I convince him we don’t need to stop and get my medicine; it would mean calling through. It would mean someone knowing we had left, and that would mean leaving a trace, however vaporous. I convince him I’m okay, and it’s only by sheer force of will that I don’t cough as soon as we get out of that claustrophobic warmth.

The huge graying space of sky above us feels wonderful, feels free, even if it is cold as fuck. Like tourists in a foreign land, we stop in the middle of the pavement and take it all in: the Technicolor traffic, all exhaust fumes and noise, the consuming crush of people hurrying to work down this busy thoroughfare, pushing past or trying to ignore us. All of it.

Julian glances over at me and, of all things, I smile. What fools we are. What fucking bleakly glorious streets.

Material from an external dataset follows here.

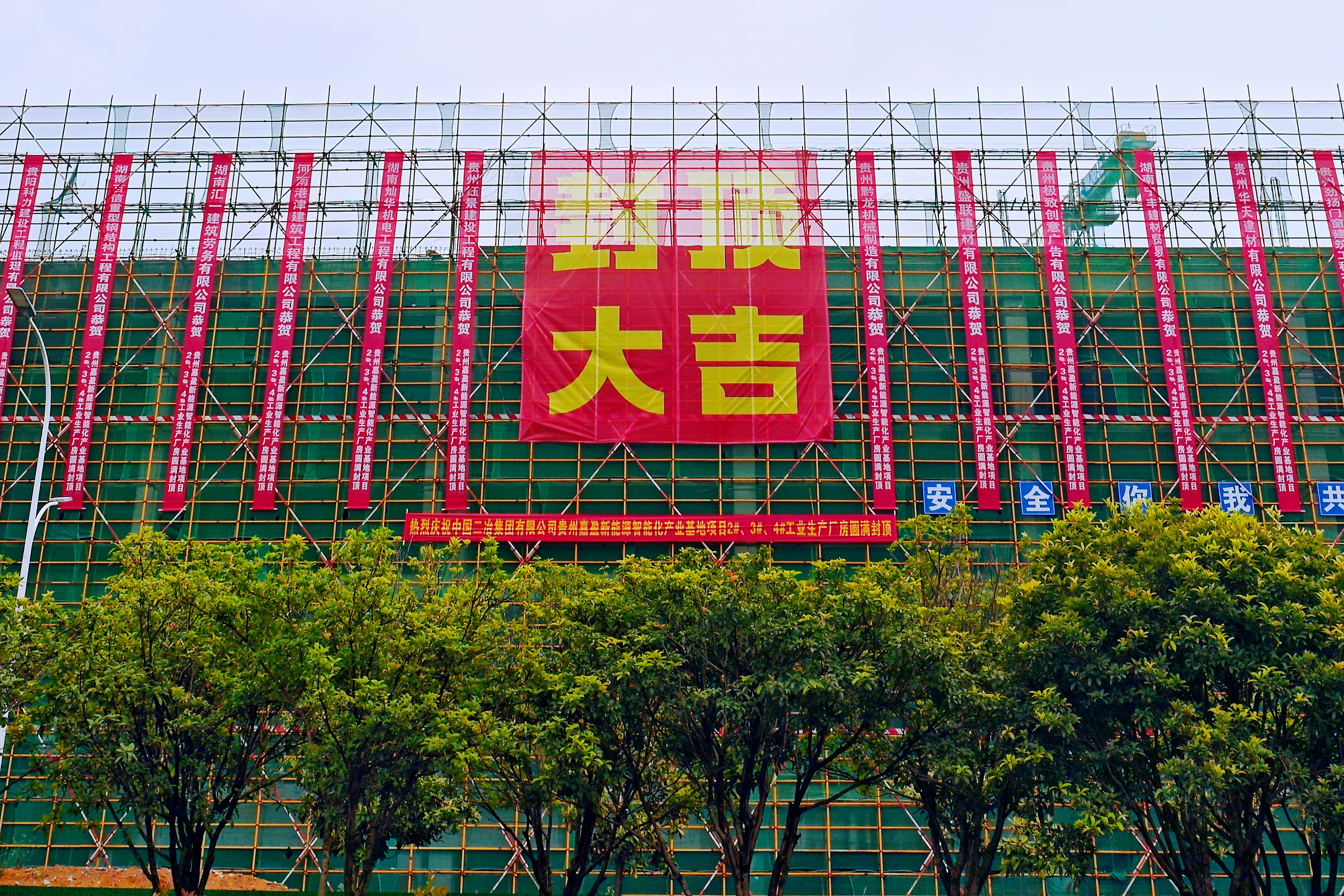 貴州嘉盈新能源智能化產(chǎn)業(yè)基地位于貴州省貴陽市白云區(qū)麥架鎮(zhèn),總用地面積為158509.24平方米,分兩期建設(shè)。一期建筑面積約12.6萬平方米,建設(shè)內(nèi)容為1號(hào)、2號(hào)、3號(hào)工業(yè)廠房、4號(hào)辦公樓、5號(hào)宿舍樓。在施工過程中,項(xiàng)目團(tuán)隊(duì)面對(duì)地形復(fù)雜、雨季施工等挑戰(zhàn),以精細(xì)化管控為主線,系統(tǒng)推進(jìn)全過程質(zhì)量創(chuàng)優(yōu)。通過科學(xué)劃分作業(yè)區(qū)段、合理安排工序穿插、精準(zhǔn)調(diào)配人材機(jī)資源,按原策劃節(jié)點(diǎn)全面封頂,確保了項(xiàng)目整體建設(shè)進(jìn)度。后續(xù)將重點(diǎn)強(qiáng)化安全生產(chǎn)標(biāo)準(zhǔn)化建設(shè),全面落實(shí)揚(yáng)塵防治“六個(gè)百分百”要求;深化智慧工地?cái)?shù)字化管理應(yīng)用,通過AI視頻監(jiān)控、環(huán)境監(jiān)測(cè)聯(lián)動(dòng)噴淋等全力打造“進(jìn)度領(lǐng)先、質(zhì)量示范、安全標(biāo)桿、綠色智慧”的精品工程。

By eight, we regret skipping breakfast—but we weren’t feeling as rational
then
as we are now, shuffling along the freezing embankment, hunger gnawing a hole inside us so deep it’s painful.

Funny how rational being hungry and cold can make you feel. Funny what becomes important when you have nothing solid to tether yourself here, no home, no constancy. Funny that, however bad the shelter was for so many fucking reasons, right now I wish I was back there, sat in that soulless common room. I want to be warm; I want to be fed. I want this fucking cough to give up the ghost. I don’t want to think about consequences, about tomorrow or tonight (I might not live that long). I am only certain of this moment, here with Julian. And if I thought he was any sort of tether, I was wrong because we are both adrift, and although hanging on to one another will not bring us back down to earth, it
will
keep us alive—I know it will. It has to. I have nothing else but hope.

Funny that it’s times like these I think about things like this.

An icy mist hangs above the river, hiding the far bank from view. Even the city’s tall buildings are shrouded, made beautifully indistinct, like a pencil drawing unfinished and lost before now. The world recreated in grayscale. All things stretched, like gossamer, between white and black.

This is what I will sketch when we get to Cassey’s and I can feel my fingers again. This empty world. The pad deep inside the pocket of my coat swings against my ribs with every step. A weight, a reminder, an escape.

The sky is now the deep heavy gray of dirty snow, and I hope to God it doesn’t, because being wet and cold out here tonight will kill us. I hope Cassey has some boxes or something we can use as shelter. More deeply, and secretly, I hope that she will take pity on us, as she has before, and let us stay at the cafe. Even though she now rents out the rooms we used, we would sleep on the hard cafe floor without complaint. But I can’t let such desperation, or such hope, rise up to the surface in me.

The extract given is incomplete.